◆ WORK REQUEST
Could you retype all of the records exactly, leaving out every picture?

◆ RECORDS
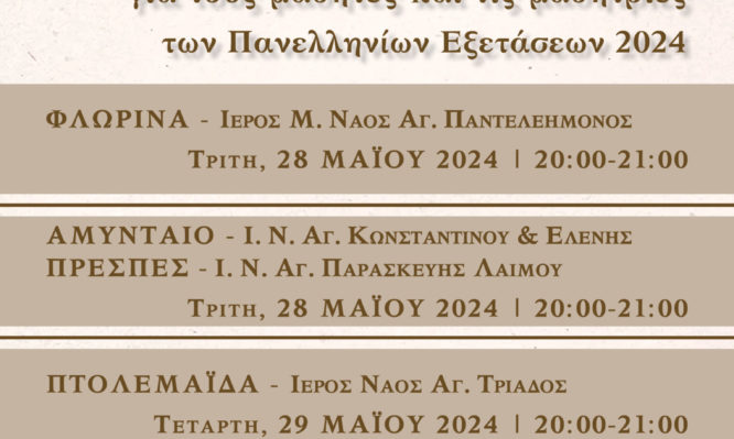 Η Ιερά Μητρόπολή μας, συμμετέχουσα στην αγωνία και τις προσπάθειες των μαθητών και των μαθητριών μας για την επιτυχή έκβαση της συμμετοχής τους στις Πανελλήνιες Εξετάσεις και την εισαγωγή τους στην Τριτοβάθμια Εκπαίδευση, διοργανώνει ως προσευχητική δράση την τέλεση βραδινής Θείας Λειτουργίας, ώστε να ενισχύσουμε τους νέους και τις νέες μας με την ελπίδα και τη χαρά τού αναστάντος Χριστού, τη φώτιση του Αγίου Πνεύματος, αλλά και την προσωπική μας παρουσία και επικοινωνία.
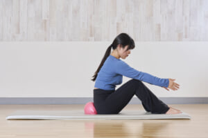 ボールを仙骨下部に当てると、骨盤を起こすサポートになります。
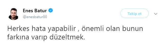 Batur, videoyu sildikten sonra Twitter hesabı üzerinden yaptığı açıklamada. Herkesin hata yapabileceğini söyleyen Batur, önemli olanın bunun farkına varıp düzeltmek olduğunu açıkladı.
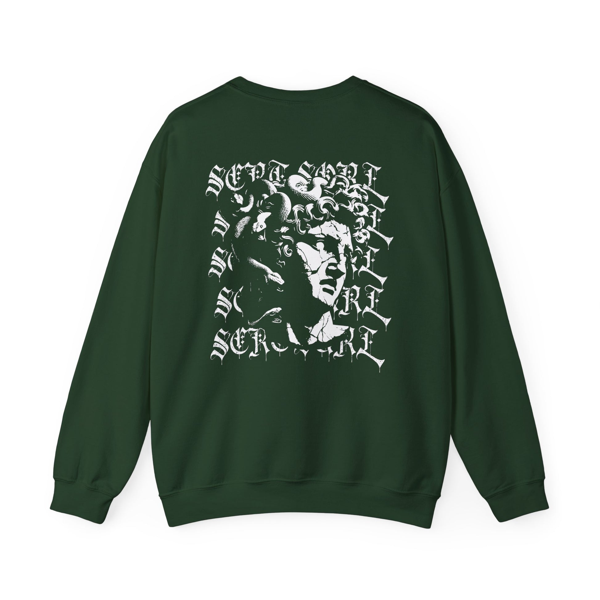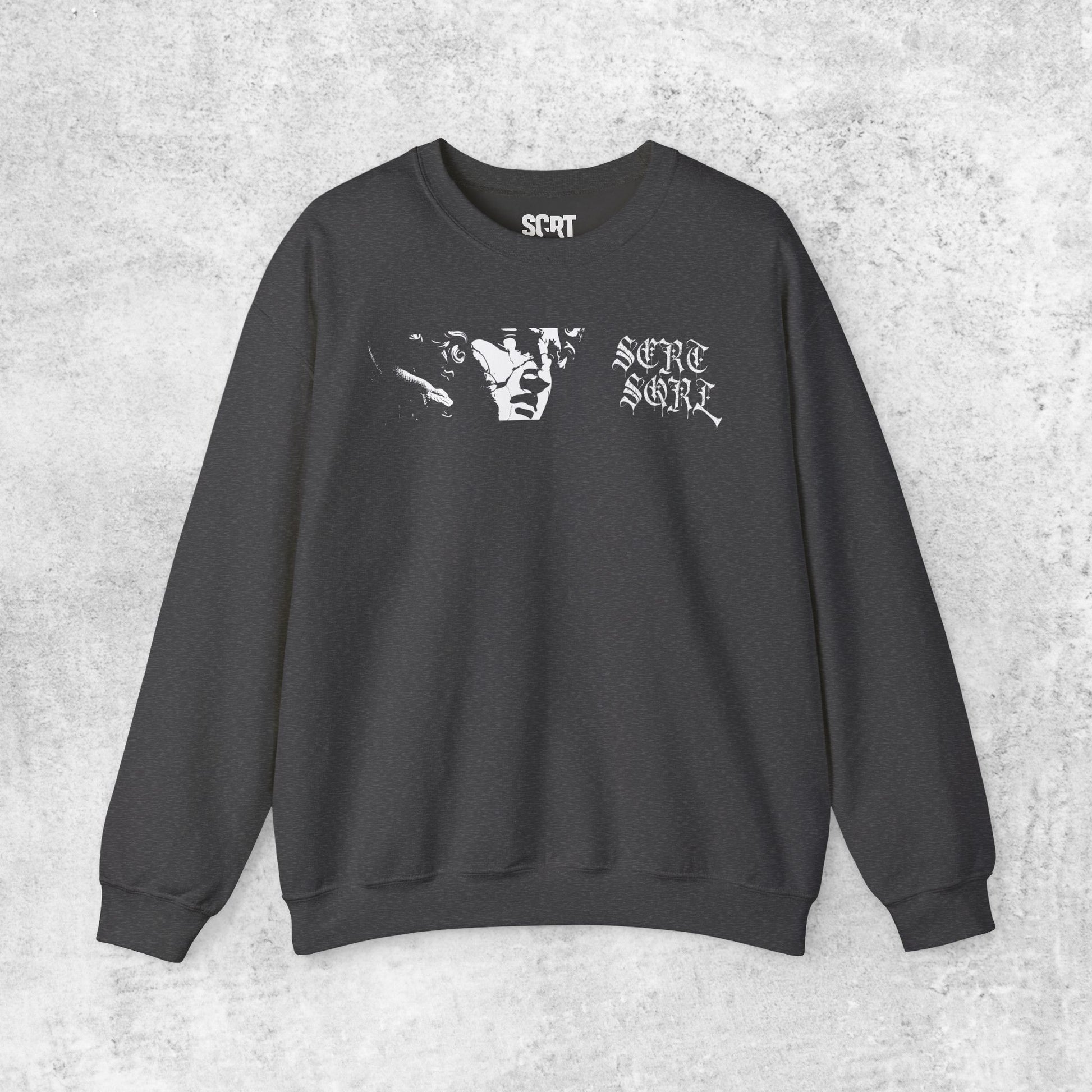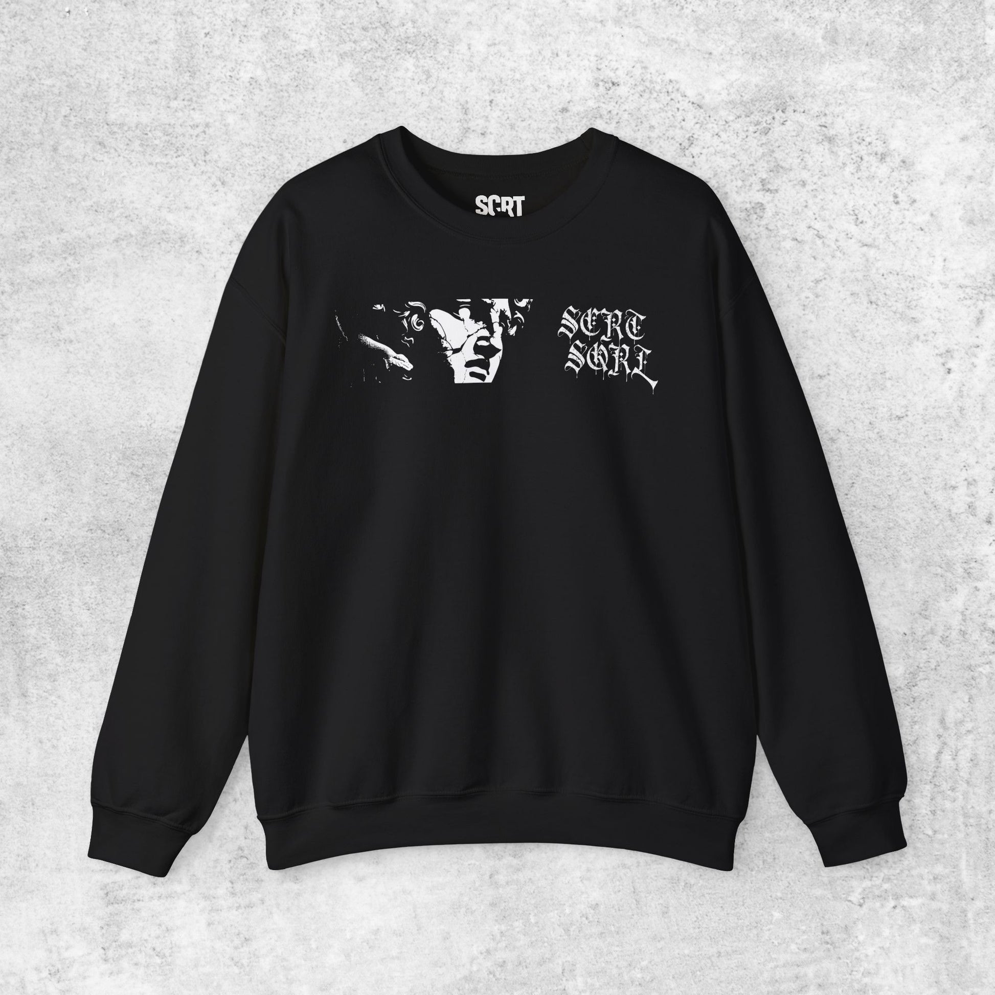 The “STONE COLD” Crewneck Sweater channels ancient chaos through a modern streetwear lens. On the back, Medusa’s head emerges from a snare of glitch-warped baroque elements and layered Old English SCRT SQRL calligraphy, blurring the boundary between myth and menace. Up front, the iconic SCRT SQRL chest logo keeps it sharp and understated. This drop is built for those who freeze the system with nothing but presence.
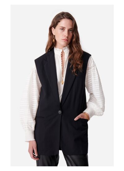 Sans manches, la veste Christen au col tailleur et à la ligne épurée garantit un style élégant et sans effort. Confectionnée en laine mélangée, c'est la pièce idéale à superposer par-dessus tout vos looks les plus simples. Son esprit blazer sans manches, ainsi que sa ceinture amovible subliment une chemise fluide, un jean et un t-shirt. On le porte également à même la peau pour un look de soirée audacieux ou sous un manteau si les températures l'exigent.
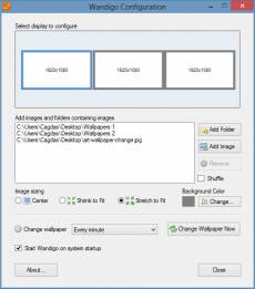 Features Add folders and images for a monitor Manage each monitor separately Resizing options for wallpaper images Set background color Shuffle the images or set in order
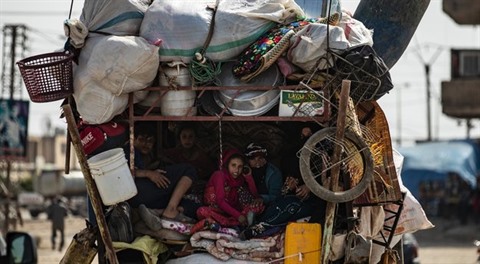 | Des civils fuient l'offensive turque dans le Nord-Est de la Syrie, près de Tal Abyad, le 11 octobre. |
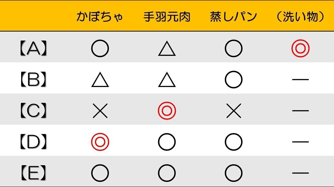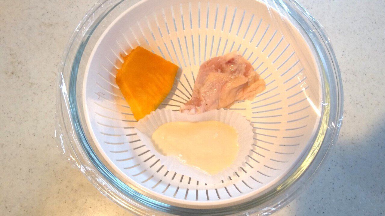 かぼちゃ、手羽元肉、蒸しパンをつかい、【A】~【E】の代用蒸し器の使い勝手について検証してみました。
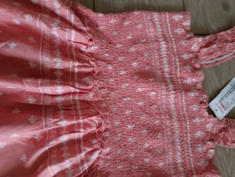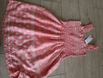 Dečija haljina sa dugim rukavima, bele osnove sa printom u roze tonovima (srca na štapiću i bombonice). Okrugli izrez sa ružičastim obrubom, blago strukirana linija i suknja A-kroja koja lepo pada....
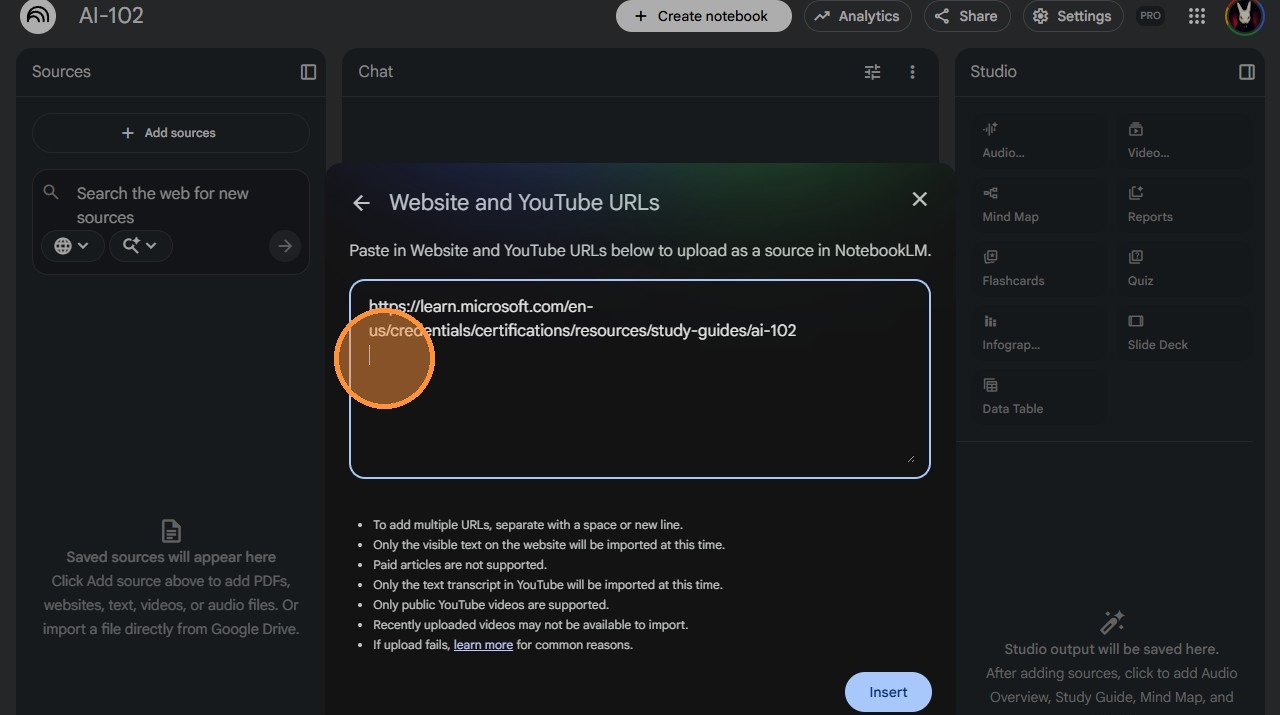 19. When all training links have been pasted in, Click "Insert".
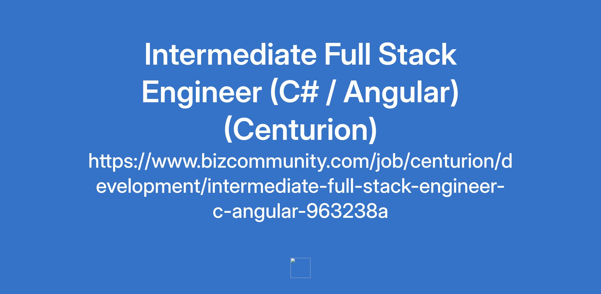 Intermediate Full Stack Engineer (C# / Angular) (Centurion)
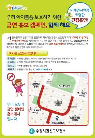 선일초등학교 주변 약 800m는 2016년 11월부터 ‘수원시 금연구역 등에 관한 조례’에 따라 금연거리로 지정됐다. 이날 캠페인 참가자들은 시민들에게 금연거리와 해당 구역에서 흡연할 경우 5만 원의 과태료가 부과됨을 알렸다.
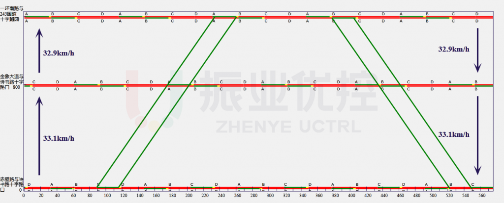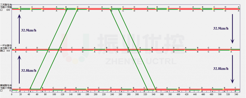 2.經(jīng)過分析計(jì)算,詩書路北段(裴城路至紅星西路)協(xié)調(diào)周期110秒,南段(環(huán)湖路至一環(huán)南路)協(xié)調(diào)周期115秒,均采用小周期控制,以下為綠波協(xié)調(diào)時距圖。
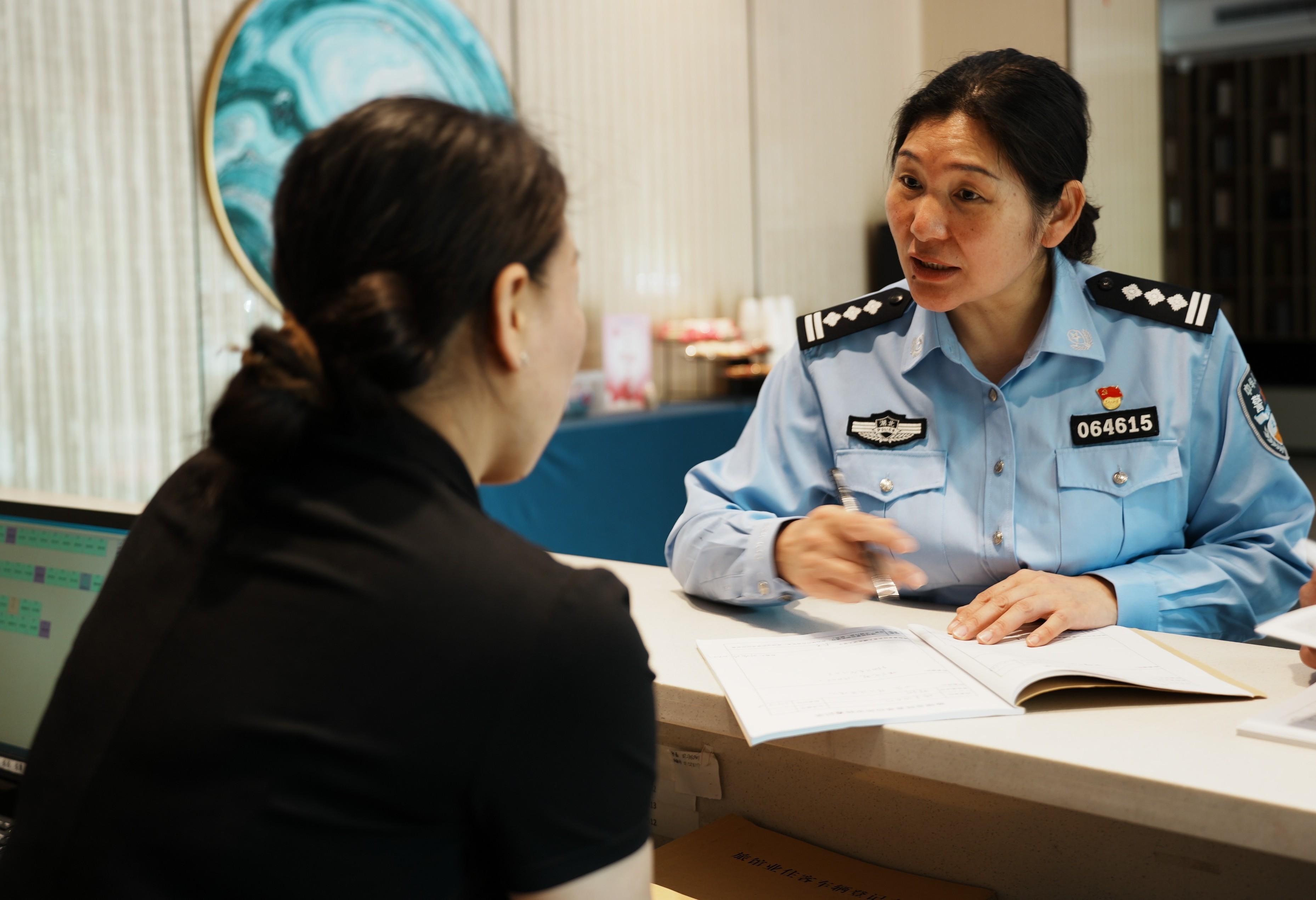 圖為社區(qū)民警劉瑞玲在對轄區(qū)單位場所開展例行檢查。
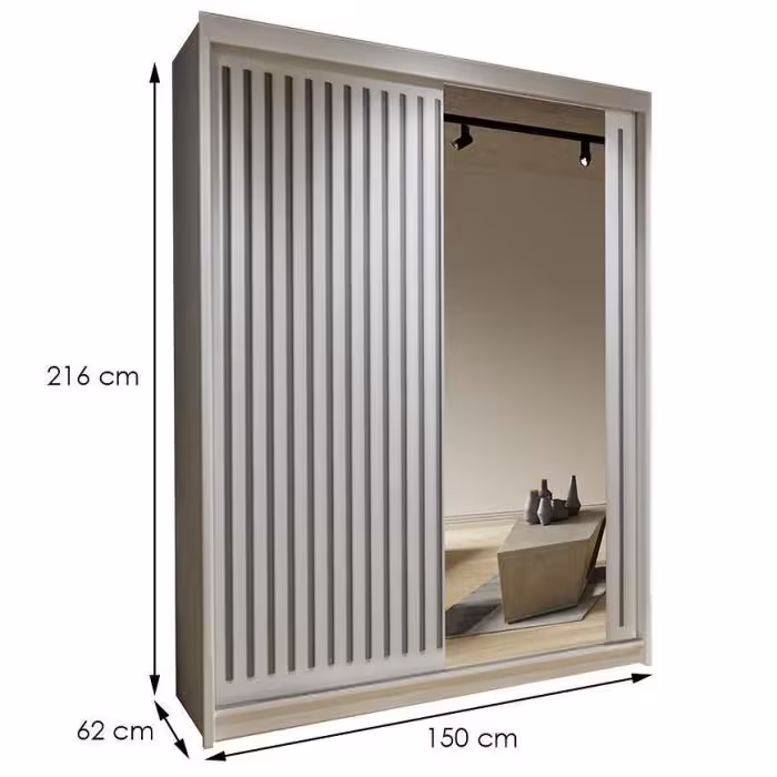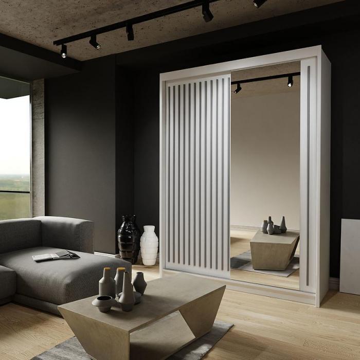 Szafa z drzwiami przesuwnymi/uchylnymi w kolorze białym/szarym z kolekcji Royal to doskonała propozycja do pokoju dziennego, ale znajdzie swoje miejsce również w innym pomieszczeniu, jak na przykład - przedpokój czy garderobie, sypialni. Materiał wykonania to płyta laminowana. Szafa posiada półki, drążek na ubrania. Duża szafa posiada również lustro, które sprawi, że pomieszczenie stanie się optycznie większe. Wygląd szafy sprawi, że wpasuje się w większość aranżacji. Szafa będzie świetnym miejscem do wieszania ubrań, na buty lub inne domowe tekstylia. Nowoczesny styl mebli wpadnie do gustu każdemu, kto poszukuje eleganckiego, klasycznego, a zarazem nowoczesnego umeblowania. Szafa przeznaczona do samodzielnego montażu.
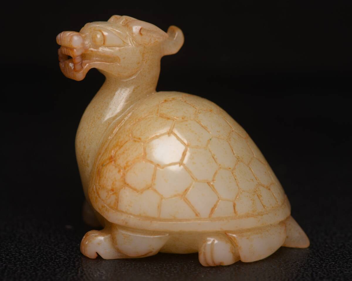 - 旧蔵 和田玉彫 龍龜 根付 中国古玩 骨董品 時代物 稀少唐物

◆ WORKED SOLUTION
 Η Ιερά Μητρόπολή μας, συμμετέχουσα στην αγωνία και τις προσπάθειες των μαθητών και των μαθητριών μας για την επιτυχή έκβαση της συμμετοχής τους στις Πανελλήνιες Εξετάσεις και την εισαγωγή τους στην Τριτοβάθμια Εκπαίδευση, διοργανώνει ως προσευχητική δράση την τέλεση βραδινής Θείας Λειτουργίας, ώστε να ενισχύσουμε τους νέους και τις νέες μας με την ελπίδα και τη χαρά τού αναστάντος Χριστού, τη φώτιση του Αγίου Πνεύματος, αλλά και την προσωπική μας παρουσία και επικοινωνία.
 ボールを仙骨下部に当てると、骨盤を起こすサポートになります。
 Batur, videoyu sildikten sonra Twitter hesabı üzerinden yaptığı açıklamada. Herkesin hata yapabileceğini söyleyen Batur, önemli olanın bunun farkına varıp düzeltmek olduğunu açıkladı.
 The “STONE COLD” Crewneck Sweater channels ancient chaos through a modern streetwear lens. On the back, Medusa’s head emerges from a snare of glitch-warped baroque elements and layered Old English SCRT SQRL calligraphy, blurring the boundary between myth and menace. Up front, the iconic SCRT SQRL chest logo keeps it sharp and understated. This drop is built for those who freeze the system with nothing but presence.
 Sans manches, la veste Christen au col tailleur et à la ligne épurée garantit un style élégant et sans effort. Confectionnée en laine mélangée, c'est la pièce idéale à superposer par-dessus tout vos looks les plus simples. Son esprit blazer sans manches, ainsi que sa ceinture amovible subliment une chemise fluide, un jean et un t-shirt. On le porte également à même la peau pour un look de soirée audacieux ou sous un manteau si les températures l'exigent.
 Features Add folders and images for a monitor Manage each monitor separately Resizing options for wallpaper images Set background color Shuffle the images or set in order
 | Des civils fuient l'offensive turque dans le Nord-Est de la Syrie, près de Tal Abyad, le 11 octobre. |
 かぼちゃ、手羽元肉、蒸しパンをつかい、【A】~【E】の代用蒸し器の使い勝手について検証してみました。
 Dečija haljina sa dugim rukavima, bele osnove sa printom u roze tonovima (srca na štapiću i bombonice). Okrugli izrez sa ružičastim obrubom, blago strukirana linija i suknja A-kroja koja lepo pada....
 19. When all training links have been pasted in, Click "Insert".
 Intermediate Full Stack Engineer (C# / Angular) (Centurion)
 선일초등학교 주변 약 800m는 2016년 11월부터 ‘수원시 금연구역 등에 관한 조례’에 따라 금연거리로 지정됐다. 이날 캠페인 참가자들은 시민들에게 금연거리와 해당 구역에서 흡연할 경우 5만 원의 과태료가 부과됨을 알렸다.
 2.經(jīng)過分析計(jì)算,詩書路北段(裴城路至紅星西路)協(xié)調(diào)周期110秒,南段(環(huán)湖路至一環(huán)南路)協(xié)調(diào)周期115秒,均采用小周期控制,以下為綠波協(xié)調(diào)時距圖。
 圖為社區(qū)民警劉瑞玲在對轄區(qū)單位場所開展例行檢查。
 Szafa z drzwiami przesuwnymi/uchylnymi w kolorze białym/szarym z kolekcji Royal to doskonała propozycja do pokoju dziennego, ale znajdzie swoje miejsce również w innym pomieszczeniu, jak na przykład - przedpokój czy garderobie, sypialni. Materiał wykonania to płyta laminowana. Szafa posiada półki, drążek na ubrania. Duża szafa posiada również lustro, które sprawi, że pomieszczenie stanie się optycznie większe. Wygląd szafy sprawi, że wpasuje się w większość aranżacji. Szafa będzie świetnym miejscem do wieszania ubrań, na buty lub inne domowe tekstylia. Nowoczesny styl mebli wpadnie do gustu każdemu, kto poszukuje eleganckiego, klasycznego, a zarazem nowoczesnego umeblowania. Szafa przeznaczona do samodzielnego montażu.
 - 旧蔵 和田玉彫 龍龜 根付 中国古玩 骨董品 時代物 稀少唐物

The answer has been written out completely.